Research design and methods Adherence indoors and outdoors was assessed objectively as percentage of steps custom-made footwear was worn, at baseline (in regular custom-made footwear), and at 1 and 12 months after providing custom-made indoor footwear (in both indoor and regular footwear). Primary group: participants with low (<80%) baseline indoor adherence; secondary group: participants with high (≥80%) baseline indoor adherence. Peak plantar pressures of the indoor footwear were compared with the regular custom-made footwear. Footwear usability was evaluated at 3 months via a questionnaire. At 12 months, ulcer recurrence was assessed through participant/prescriber reporting.

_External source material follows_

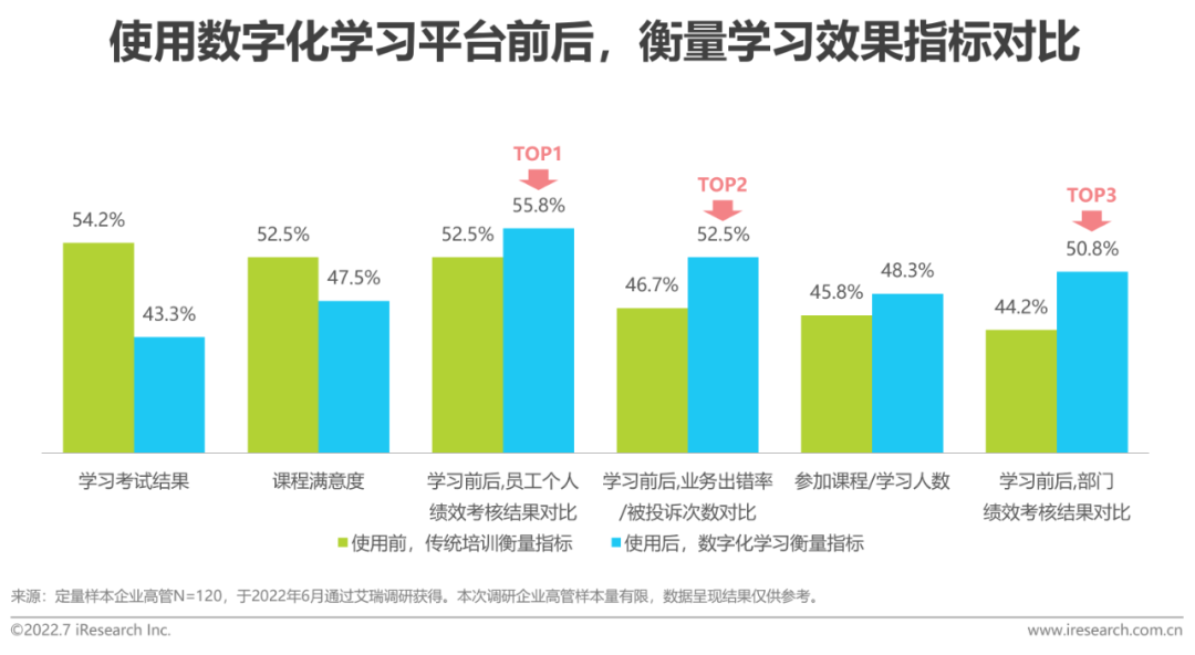 在拥有更多运营手段的同时,企业也拥有了更多将学习效果与业绩表现相关联的机会。在使用数字化学习平台前,学习考试结果、课程满意度及员工个人绩效结果是较多调研企业用以衡量学习效果的指标;在使用数字化学习平台后,更多调研企业使用员工个人绩效考核结果、业务出错率及部门绩效考核结果等指标考核员工。艾瑞认为,这可能与数字化学习与业务之间的关系更加紧密有关,根据前文调研结果显示,数字化学习平台正在与企业的各个业务系统打通,学习数据与业务数据之间的互相关联有助于企业更好的评估学习与绩效之间的关系;另一方面,这可能与数字化学习相比传统培训在提升学员业绩表现方面更有效有关(见下页)。

Results Of 31 participants, 23 had low baseline indoor adherence (<80%). Overall adherence in this group increased statistically significant from median 65% (IQR: 56%–72%) at baseline to 77% (60%–89%) at 1 month (p=0.002) and 87% (60%–93%) at 12 months (p<0.001). This was due to a significant increase in adherence indoors: baseline: 48% (21%–63%); 1 month: 71% (50%–83%) (p=0.001); and 12 months: 77% (40%–91%) (p<0.001). Mean peak plantar pressures were comparable between the indoor and regular custom-made footwear. Participants were positive about usability. One-year ulcer recurrence rate was 26%.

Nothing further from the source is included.